Ладно, карабкаемся на Бакты. Одним рывком забираемся на перевал.

Пять минут перекур и лезем на близлежащую вершину. Осмотрели ее в поисках оставленной нашими возможными предшественниками записки, но ничего не нашли. Оставили свою — вдруг кому повезет.

Рома красуется на краю скалы, на самой верхотуре.

Мои, измученные походной жизнью, чоботы позируют на фоне Жеребчика.

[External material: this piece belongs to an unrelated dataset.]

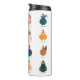 Eine Gruppe farbenfroher niedlicher und lustiger Hennen und Hähne, stehend in Linien.
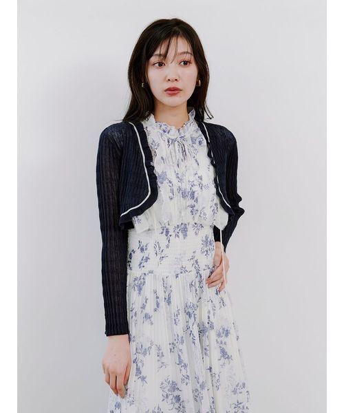 【フリルディテールと配色で華やかに仕上げた人気のボレロシアーニットカーディガン】【Design/Styling】軽やかなシアーなニット素材の柄編みボレロカーデが今季も登場。表情豊かな変形柄編みと、襟元から裾まで程よく入れたフリルディテールが女性らしさを引き出します。今年は配色を取り入れて、より華やかな仕上がりに。ふんわり柔らかな印象のプリントプリーツウエストシャーリングワンピ(SWFO254139)や、シアープリーツウエストシャーリングワンピ(SWFO254287)とのコーデもおすすめです。【Fabric】ワンカラーのアイボリー、柔らかなブラウンの配色を利かせたピンク、ホワイトの配色を利かせたネイビーの3色展開です。シアーニット生地を使用。透け感;ややあり裏地;なし伸縮性;あり光沢感;ややあり生地の厚さ;やや薄手【おすすめ骨格タイプ】■骨格ウェーブ■骨格ナチュラル※照明の関係により、実際よりも色味が違って見える場合があります。またパソコン・スマートフォンなどの環境により、若干製品と画像のカラーが異なる場合もございます。予めご了承ください。商品の色味は、商品単品画像をご参照下さい。 ※商品画像はサンプルのため、色味やサイズ等の仕様に変更がある場合がございますので、予めご了承ください。

Ваня позирует на фоне неизвестно чего.

Берем руки в ноги и к Жеребчику! Какая-то пара часов и мы у его подножия. Конус круто насыпанных серо-зеленых камней уходит куда-то в небо. Подтянули рюкзаки и на штурм! С криками «Ура!» берем Жеребчика в лоб. Там наверху оказывается две вершинки, какая из них главная — не скажу, потому что не знаю. Но посетили обе, на всякий случай.

Это первая:

А это вторая:

На второй сняли записку от уфимского турклуба «Урал». Она незатейливо была написана корявым почерком на обертке шоколада, завернута в фольгу от того самого шоколада, потом в полиэтиленовый одноразовый пакетик и в потрепанную хозяйственную перчатку. Вот такая вот смерть Кощеева. Одно что внутри не иголка была, а записка и перчатка вместо зайца.

Теперь к Иремелю!

Спускаемся вниз и опять застреваем в глубоком снегу. К счастью ненадолго. Выбираемся, выкарабкиваемся из этой вязкой опостылевшей снежной каши и идем по каменистому плато.

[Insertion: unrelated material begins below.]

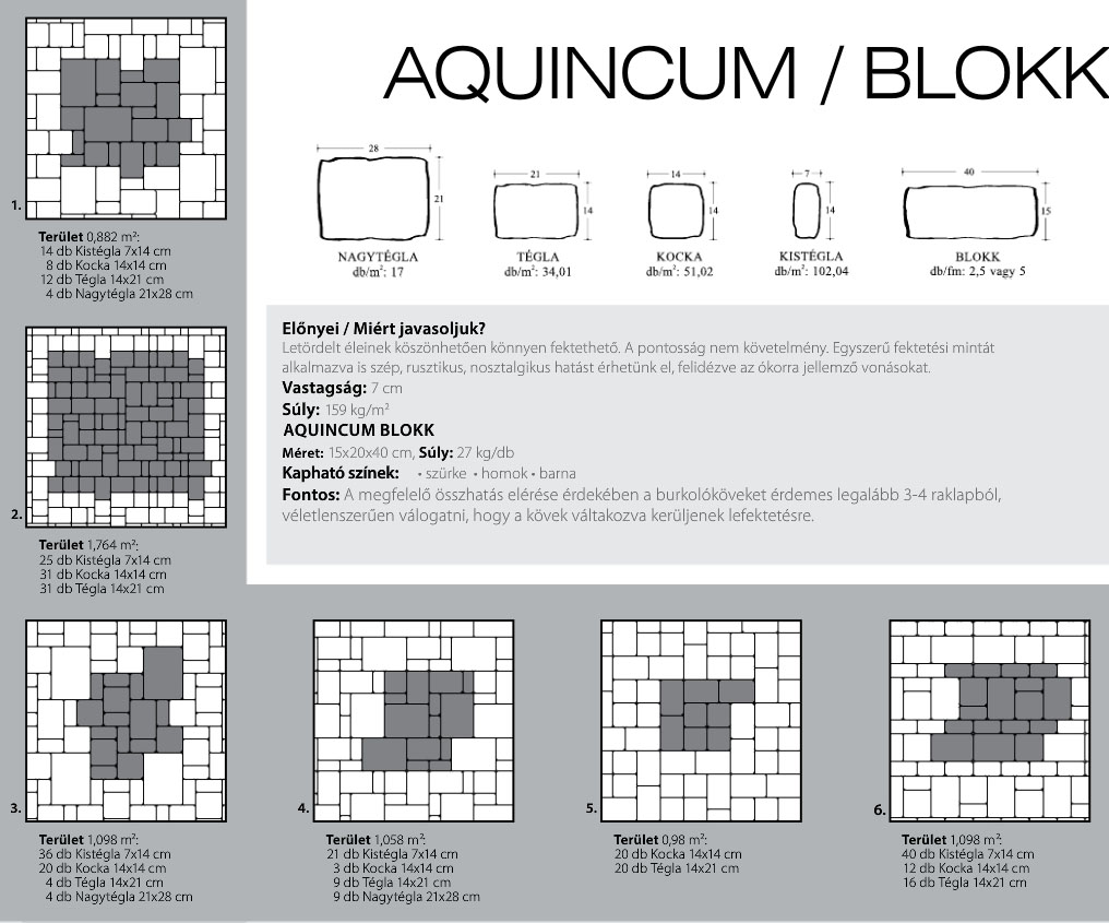 Az ókori építészet stílusjegyeit magán viselő Aquincum blokk egy romantikus időutazásra hív térben és időben. Igaz ugyan, hogy megjelenése a régmúlt időket idézi, ugyanakkor a töredezett és kopottas élek egy modern, stabil követ határolnak. Valódi antik hatása rendkívül tetszetős hangulatot kölcsönöz környezetének. A kövek minden oldala ugyanolyan felületű és mintázatú, így mind az elülső, mind a hátsó oldala használható. Ennek köszönhetően a termék bármekkora felületen megnyugtató összhangot eredményez. Az Aquincum blokk a mai kertépítés egyik alapelemévé vált, hiszen elemei lehetővé teszik a növényszigetek kiemelését a síkból. Bátran használható többek között kerti falak, talajtámfalak, kerítések és kerítésoszlopok, valamint sík kertek, teraszok, külső lépcsők építésére. Állítva paliszádként, cölöpként is használható.

Часа через три мы уже стоим под Иремелем. Выглядит он, честно говоря, не очень. Слухи о его красоте явно преувеличены. Просто предсавьте себе большую кучу щебня. Представили? Увеличьте еще чуть-чуть. Еще немножечко. Вот-вот, это и есть Иремель — большая куча серого щебня слегка припорошенного снегом. Но это все лирика, а проза жизни в том, что мы скидываем рюкзаки и лезем наверх.

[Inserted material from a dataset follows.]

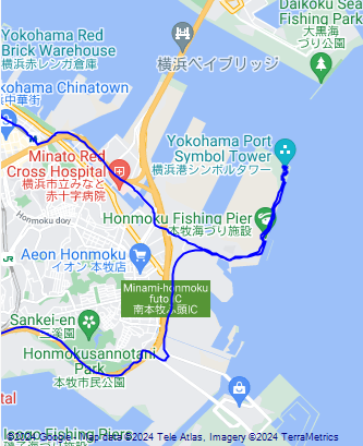 今回の軌跡。湾岸線で来て、日本大通りの方に帰りました。

На вершине неожиданно людно. Человек двадцать, включая нас, находилось там одномоментно. Какие-то ребята с Уфы предлагают угоститься с ними водкой. От водки отказываемся, а закуску с благодарностью принимаем — за время похода все ощутимо постройнели. Изначально стройный Рома, так и вовсе напоминает узника Освенцима. С жалость поглядев на наши изнуренные соевым белком лица, ребята отдают нам остатки колбасы.

Чуть отдохнув и душевно поболтав с гостеприимными ребятами, отправляемся вниз… Напоследок групповое фото на фоне иремельского щебня.

Спустились вниз и тут-то оказалось, что Иремель нас отпускать не хочет. Два часа мы бродили у его подножия пытаясь найти тропинку на Тюлюк. В конце концов Рома с Ваней отправились спросить дорогу у туристов, палатки которых во множестве стояли у подножия, а Аня с Юлей тем временем собирали прошлогоднюю бруснику. Ее много тут, кстати.

Насобирали полкружки к возвращению Вани с Ромой. Добавив сахара мы с удовольствием ее употребили. Когда проходили мимо туристов подсказавших дорогу, те угостили нас шоколадом и печеньками, сунув их нам в руки. Не пойму — то ли народ такой хороший на Иремель ходит, то ли вид у нас такой измученный и оголодавший. Но спасибо им, конечно, этим безымянным помощникам. Спустились чуть пониже и там разбили лагерь. До полуночи орали песни под гитару. Сегодня можно, ведь завтра последний день похода и идти нам только по дороге. Хотя мы и раньше не отказывали себе в этом удовольствии — глотку подрать.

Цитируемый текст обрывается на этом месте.